_Task_: Could you restate every entry word for word, minus the pictures?

_Task input_:

▼

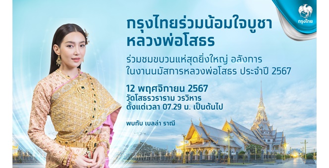 • กรุงไทยชวนเที่ยวงานหลวงพ่อโสธร ดึง “เบลล่า ราณี” ร่วมริ้วขบวน “ปักษาวายุภักษ์นครา สู่สายศรัทธาแห่งความยั่งยืน” 12 พ.ย.นี้
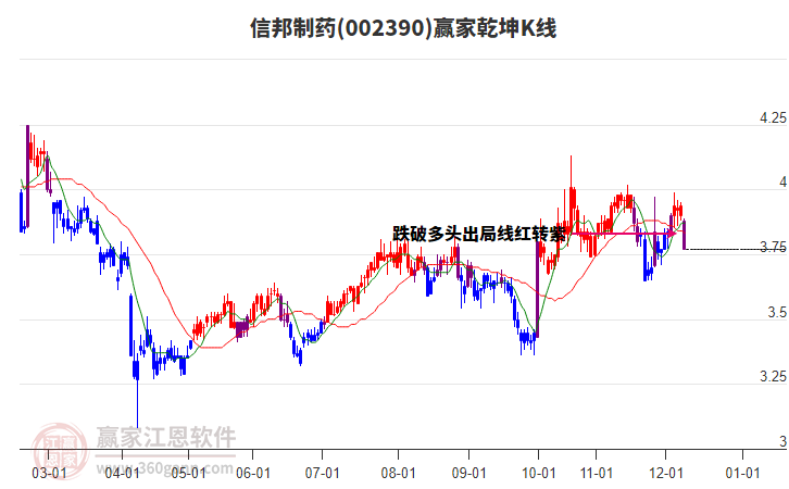信邦制藥(002390)根據(jù)贏家江恩極反通道趨勢工具展示,上方壓力位3.5865,下方支撐位3.0457。信邦制藥(002390)處于贏家江恩空頭主線形態(tài),1月6日發(fā)出江恩筑底信號后,經(jīng)過10日,今日
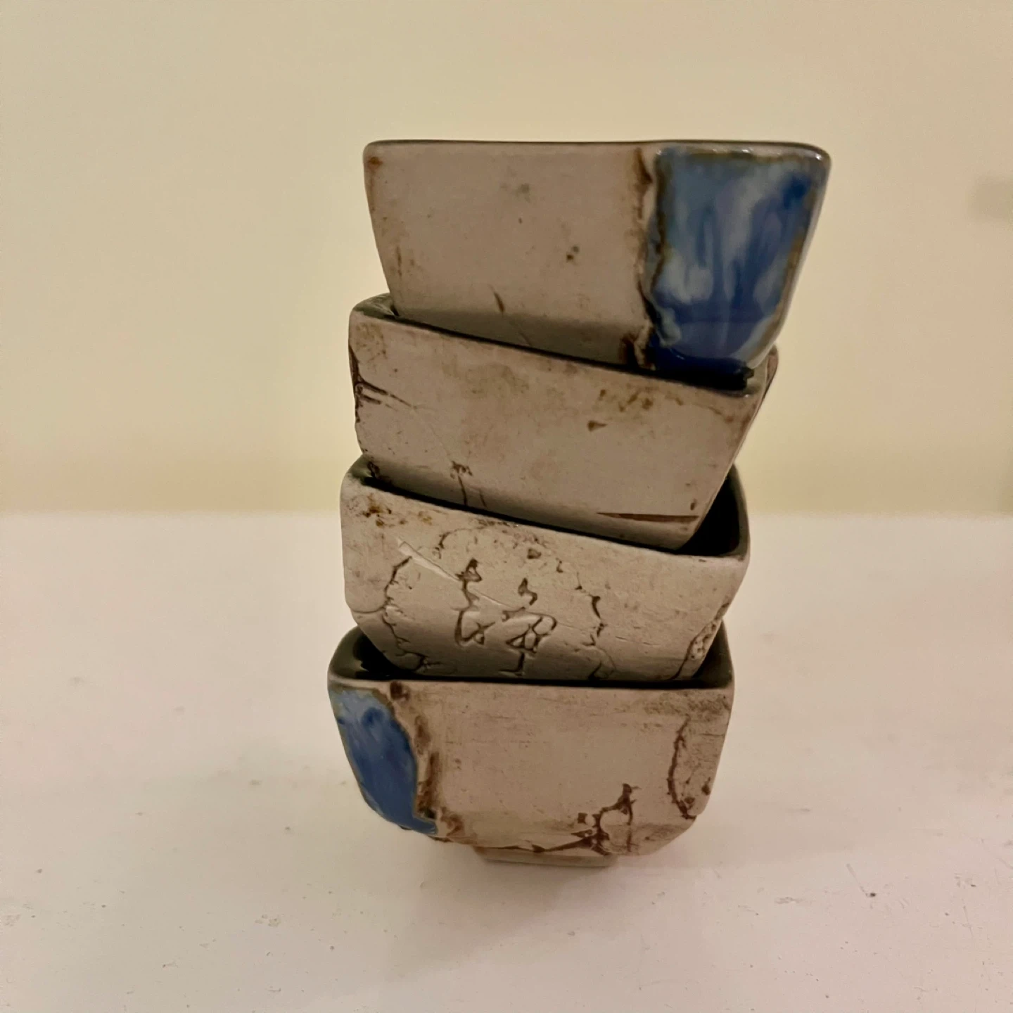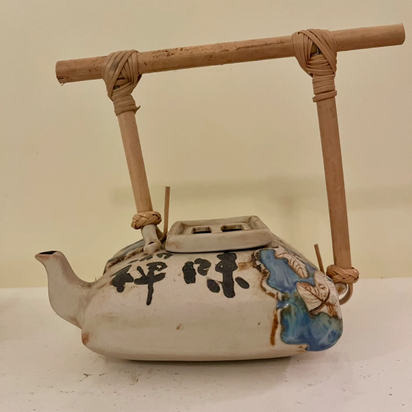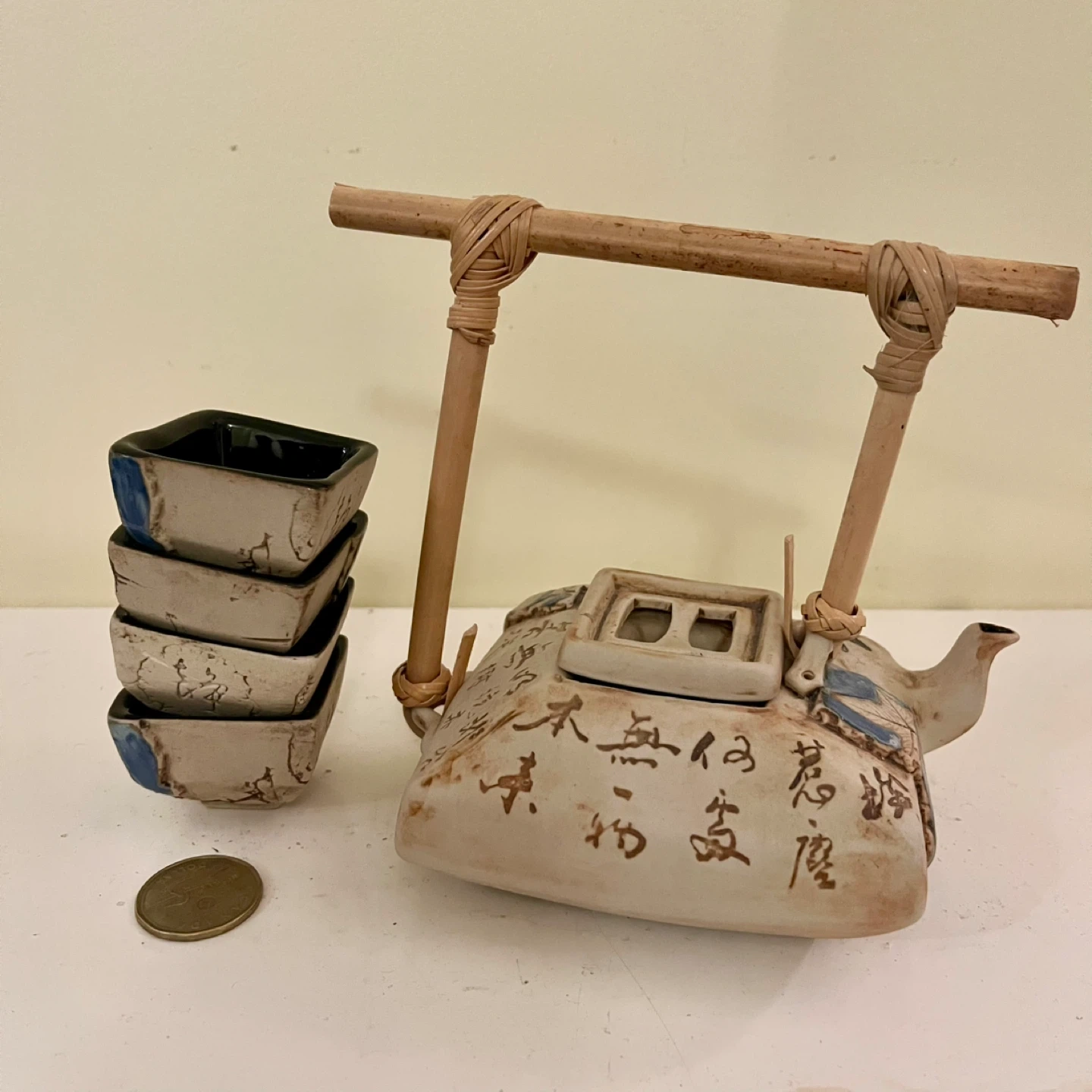 Vintage Malaysia Handicraft Tenmoku tea pot with bamboo handle and four teacups. This charming set of pottery is in very good vintage condition. Loonie shown for scale.
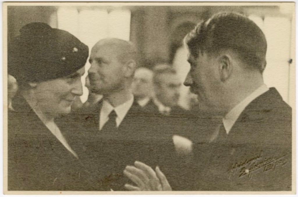 Adolf Hitler with Winifred Wagner at the reception for the laying of the foundation stone at the Richard Wagner national monument in Leipzig on 6 March 1934.
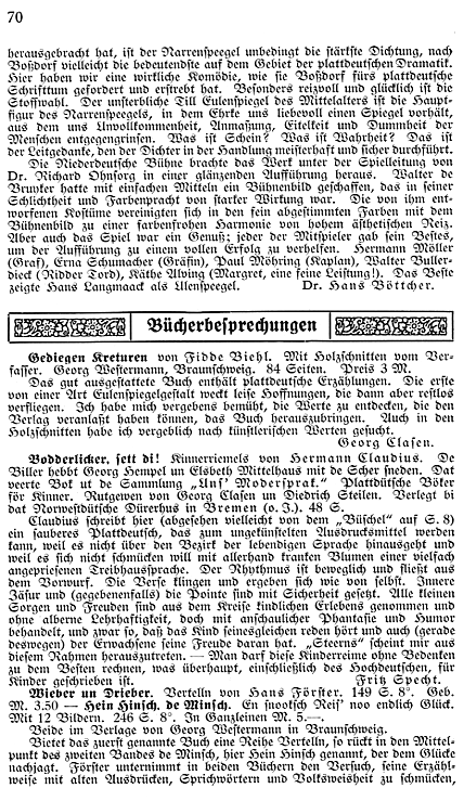 | Sek.-Lit.; Rez. | Moderspraak 12, 1925, S. 32; De Lücht 1930, S. 35; Niedersachsenbuch 8/9, 1924/25, S. 170; Niedersachsen 30, 1925, S. ?; Heimat 34, 1924, S. 298 (G. F. Meyer. |
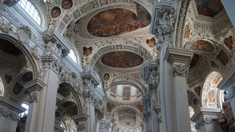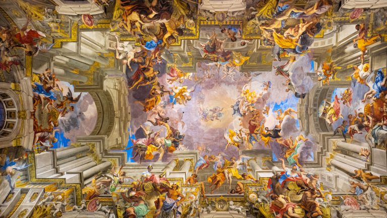 Trần nhà và các bức tường được trang trí bằng những bức bích họa đồ sộ, mang lại cảm giác nguy nga và tráng lệ, nhờ vào sự kỳ công và màu sắc sống động của chúng. Không gian nội thất trở thành một phòng trưng bày sống động với các tác phẩm hội họa, điêu khắc và nghệ thuật tạo hình nổi bật, phản ánh phong cách nghệ thuật phóng khoáng đặc trưng của kiến trúc Baroque.
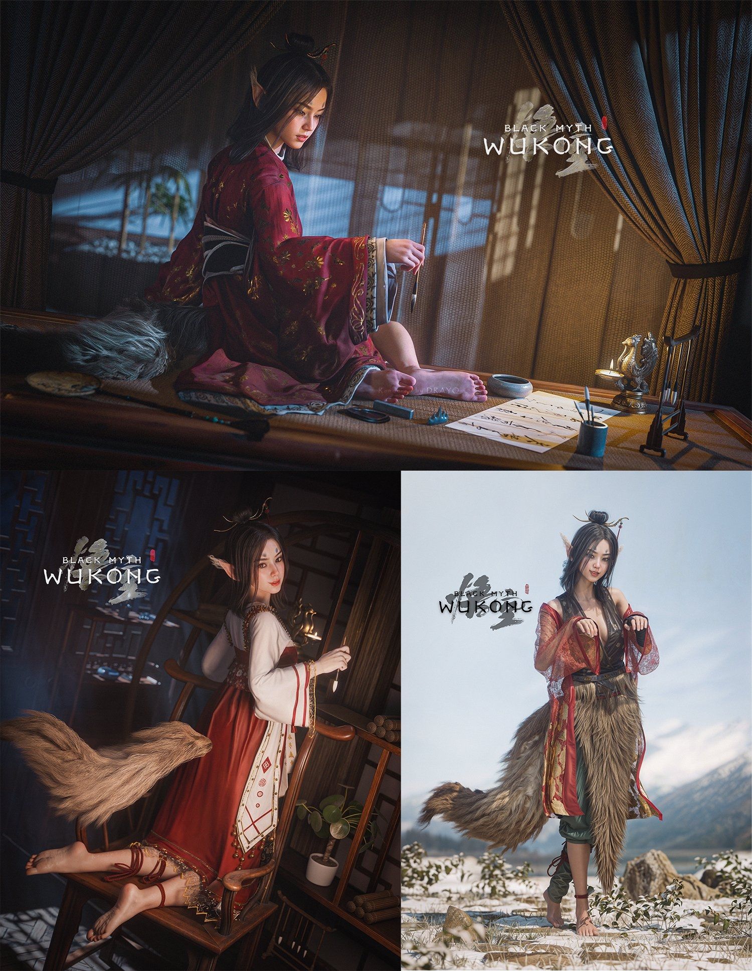 10月16日,@drayqin在推特上分享了自己制作的部分《黑神话:悟空》同人作品,并配文称:“真不敢相信我已经做了这么多《黑神话:悟空》的渲染图。你最喜欢哪一位?亢金星君还是萍萍?”
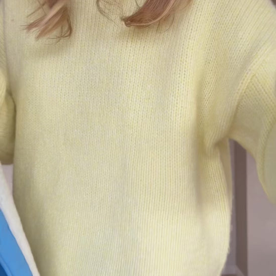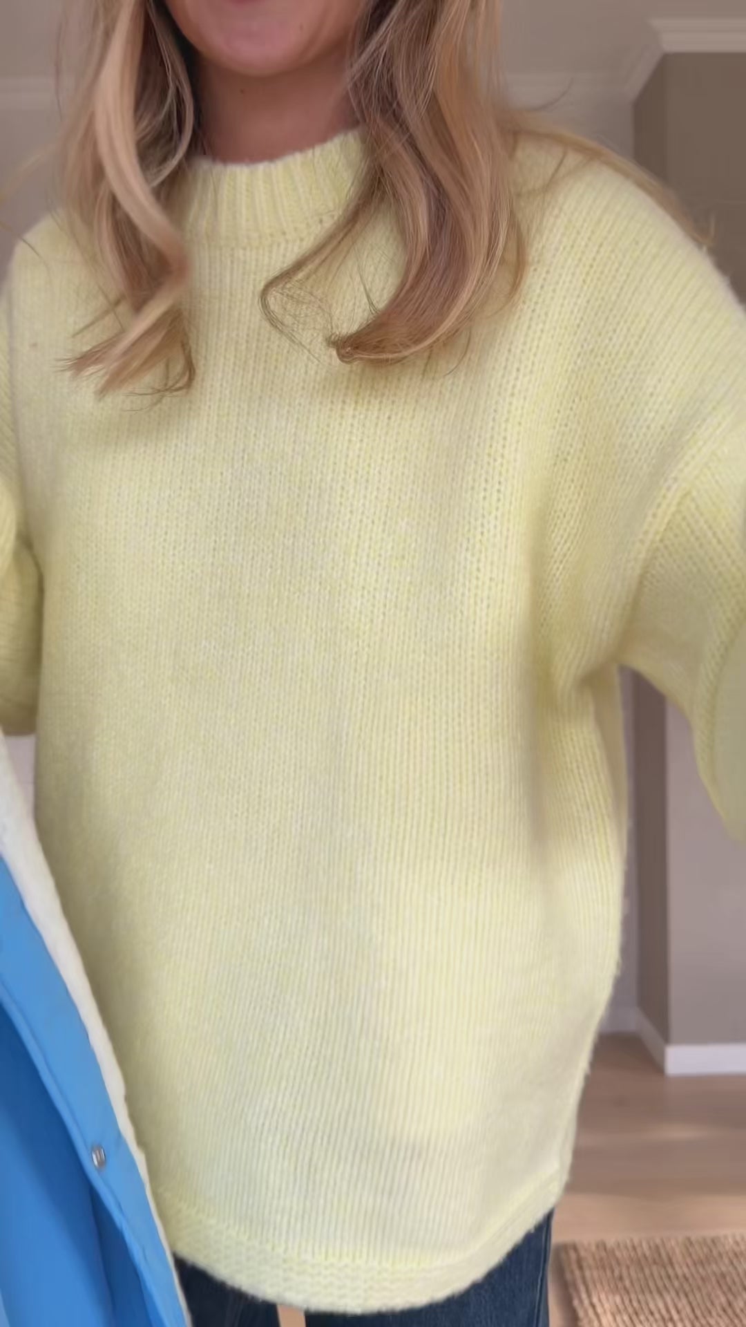 - Our models are also wearing the Yellow Elisa Sweater and the Blue Guetta Jeans
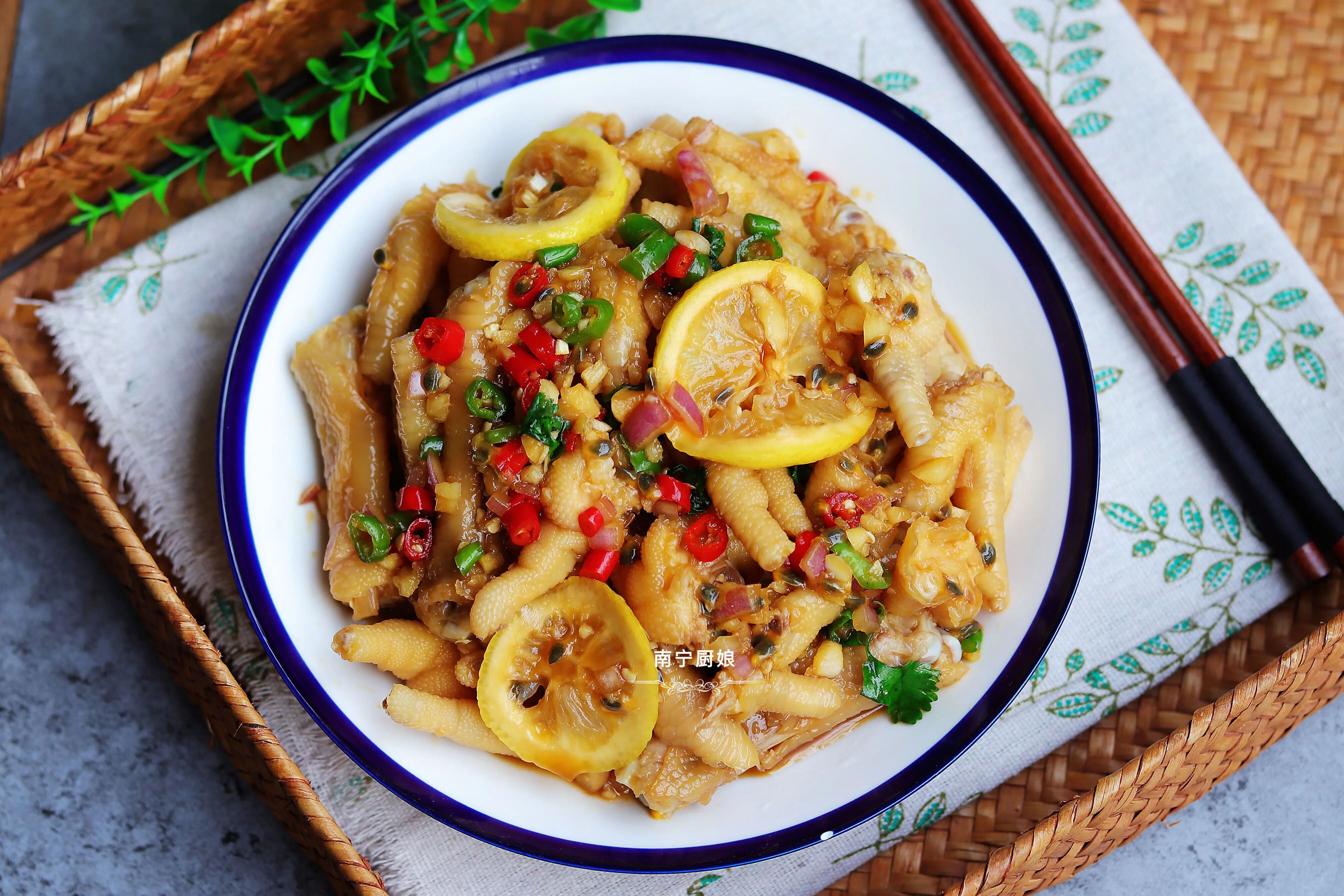 作为妹子来说,在凉拌菜中最爱吃的莫过于柠檬鸡爪了,在加入柠檬和百香果以及辣椒和大蒜腌制凉拌出来的鸡爪,吃起来酸辣脆口,让你吃上一次就上瘾,就连家里的男人也特别喜欢拿来作为下酒菜,每次家里来客人,老公必要求我做上一盘来招待客人。
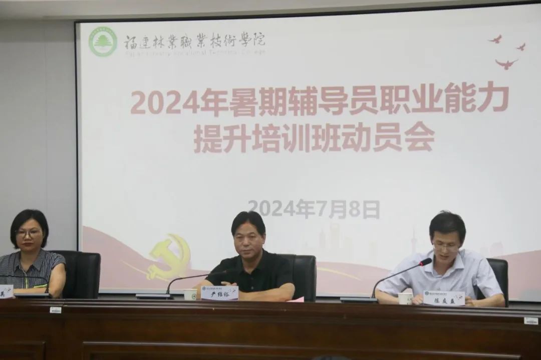 为确保本次培训班高质量圆满举办,2024年7月8日下午,学院在江南校区行政楼六楼会议室举行2024年暑期辅导员职业能力提升培训班动员会,学院党委副书记严绍裕作开班动员讲话。学生工作部部长陈友益、学生工作部副部长陈红英、各系学生科长和全体参训辅导员参会,会议由陈友益部长主持。
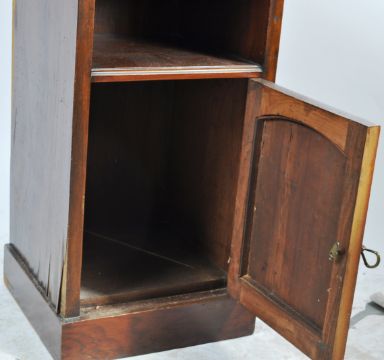 An Edwardian early 20th century mahogany bedside / pot cupboard having a carved pediment top over a pigeon hole recess with carved spandrels atop a single door cupboard opening to reveal a spacious interior raised on a plinth base. Measures, 85cm x 38cm x 36cm.
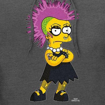 Mhmmm donuts… mhmm officially licensed The Simpsons styles. Show off your favorite animated series with hilarious officially licensed apparel for this season featuring everyone's favorite dysfunctional family! This Men's The Simpsons Punk Lisa Graphic Pullover Hoodie features Lisa Simpson wearing a black dress, piercings, tattoos, purple punk hair, and heavy dark eye makeup. If anyone tries to steal your fashion this Halloween, then just tell them to "eat my shorts" because you're not giving up this classic style from The Simpsons!
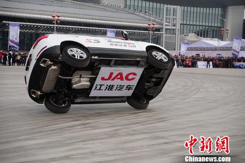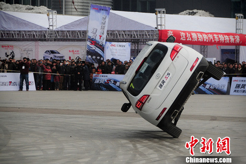 3月15日,位于乌鲁木齐市的红光山国际会展中心正在举办“2014新疆3.15春季国际车展”。有汽车品牌为展示汽车性能,请来特技表演团队,为观众表演了惊险的两轮绕圈行驶等特技,表演成功后现场观众一片欢呼。
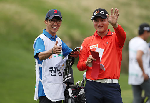 캐디와 함께 환한 미소를 짓고 있는 권명호(오른쪽). 사진제공 | KPGA
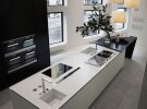 Кухня у чорно-білих тонах виглядає стильно та вишукано. Дзеркальні і скляні вставки в кухонних шафках – прекрасна ідея дизайнера, яка візуально полегшує сприйняття темного кольору меблів.
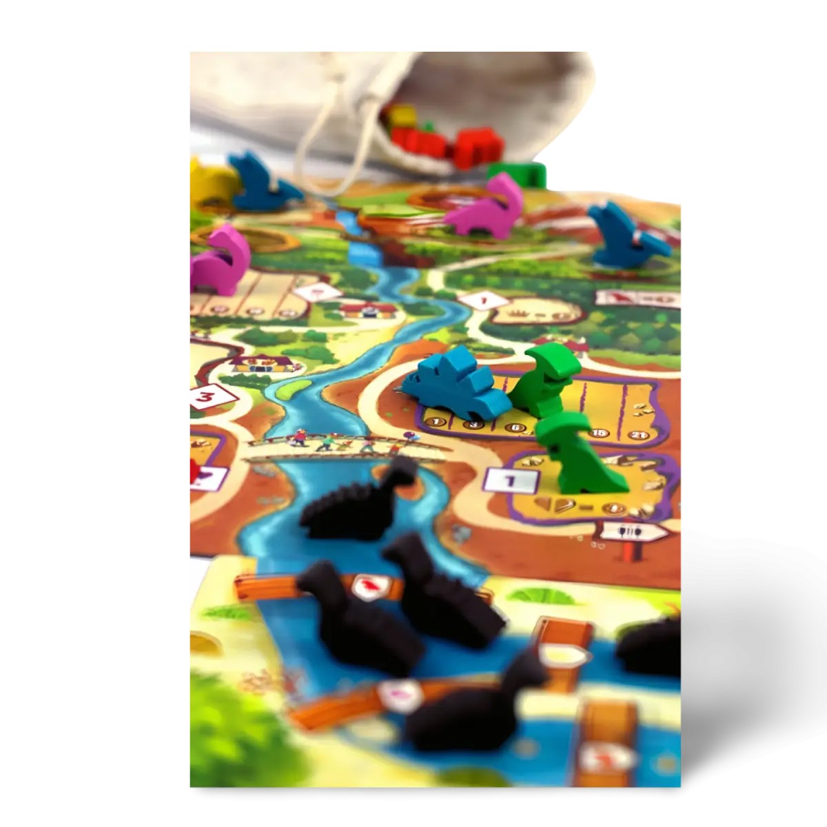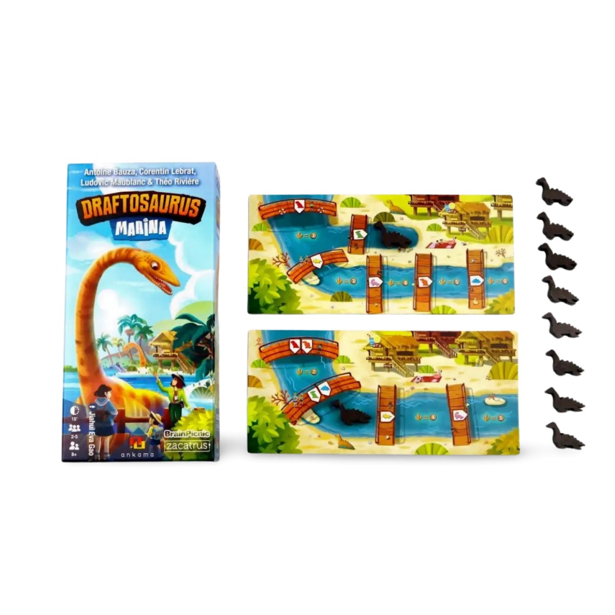 Draftosaurus: Marina añade dinosaurios acuáticos y un tablero extra de recintos acuáticos, llevando la estrategia del juego base a nuevas profundidades. Mientras intentas maximizar puntos con patrones acuáticos, también debes vigilar a tus rivales, porque cada elección puede hundir o hacer brillar tu parque jurásico.

▲

_Problem solution_:
 • กรุงไทยชวนเที่ยวงานหลวงพ่อโสธร ดึง “เบลล่า ราณี” ร่วมริ้วขบวน “ปักษาวายุภักษ์นครา สู่สายศรัทธาแห่งความยั่งยืน” 12 พ.ย.นี้
信邦制藥(002390)根據(jù)贏家江恩極反通道趨勢工具展示,上方壓力位3.5865,下方支撐位3.0457。信邦制藥(002390)處于贏家江恩空頭主線形態(tài),1月6日發(fā)出江恩筑底信號后,經(jīng)過10日,今日
 Vintage Malaysia Handicraft Tenmoku tea pot with bamboo handle and four teacups. This charming set of pottery is in very good vintage condition. Loonie shown for scale.
 Adolf Hitler with Winifred Wagner at the reception for the laying of the foundation stone at the Richard Wagner national monument in Leipzig on 6 March 1934.
 | Sek.-Lit.; Rez. | Moderspraak 12, 1925, S. 32; De Lücht 1930, S. 35; Niedersachsenbuch 8/9, 1924/25, S. 170; Niedersachsen 30, 1925, S. ?; Heimat 34, 1924, S. 298 (G. F. Meyer. |
 Trần nhà và các bức tường được trang trí bằng những bức bích họa đồ sộ, mang lại cảm giác nguy nga và tráng lệ, nhờ vào sự kỳ công và màu sắc sống động của chúng. Không gian nội thất trở thành một phòng trưng bày sống động với các tác phẩm hội họa, điêu khắc và nghệ thuật tạo hình nổi bật, phản ánh phong cách nghệ thuật phóng khoáng đặc trưng của kiến trúc Baroque.
 10月16日,@drayqin在推特上分享了自己制作的部分《黑神话:悟空》同人作品,并配文称:“真不敢相信我已经做了这么多《黑神话:悟空》的渲染图。你最喜欢哪一位?亢金星君还是萍萍?”
 - Our models are also wearing the Yellow Elisa Sweater and the Blue Guetta Jeans
 作为妹子来说,在凉拌菜中最爱吃的莫过于柠檬鸡爪了,在加入柠檬和百香果以及辣椒和大蒜腌制凉拌出来的鸡爪,吃起来酸辣脆口,让你吃上一次就上瘾,就连家里的男人也特别喜欢拿来作为下酒菜,每次家里来客人,老公必要求我做上一盘来招待客人。
 为确保本次培训班高质量圆满举办,2024年7月8日下午,学院在江南校区行政楼六楼会议室举行2024年暑期辅导员职业能力提升培训班动员会,学院党委副书记严绍裕作开班动员讲话。学生工作部部长陈友益、学生工作部副部长陈红英、各系学生科长和全体参训辅导员参会,会议由陈友益部长主持。
 An Edwardian early 20th century mahogany bedside / pot cupboard having a carved pediment top over a pigeon hole recess with carved spandrels atop a single door cupboard opening to reveal a spacious interior raised on a plinth base. Measures, 85cm x 38cm x 36cm.
 Mhmmm donuts… mhmm officially licensed The Simpsons styles. Show off your favorite animated series with hilarious officially licensed apparel for this season featuring everyone's favorite dysfunctional family! This Men's The Simpsons Punk Lisa Graphic Pullover Hoodie features Lisa Simpson wearing a black dress, piercings, tattoos, purple punk hair, and heavy dark eye makeup. If anyone tries to steal your fashion this Halloween, then just tell them to "eat my shorts" because you're not giving up this classic style from The Simpsons!
 3月15日,位于乌鲁木齐市的红光山国际会展中心正在举办“2014新疆3.15春季国际车展”。有汽车品牌为展示汽车性能,请来特技表演团队,为观众表演了惊险的两轮绕圈行驶等特技,表演成功后现场观众一片欢呼。
 캐디와 함께 환한 미소를 짓고 있는 권명호(오른쪽). 사진제공 | KPGA
 Кухня у чорно-білих тонах виглядає стильно та вишукано. Дзеркальні і скляні вставки в кухонних шафках – прекрасна ідея дизайнера, яка візуально полегшує сприйняття темного кольору меблів.
 Draftosaurus: Marina añade dinosaurios acuáticos y un tablero extra de recintos acuáticos, llevando la estrategia del juego base a nuevas profundidades. Mientras intentas maximizar puntos con patrones acuáticos, también debes vigilar a tus rivales, porque cada elección puede hundir o hacer brillar tu parque jurásico.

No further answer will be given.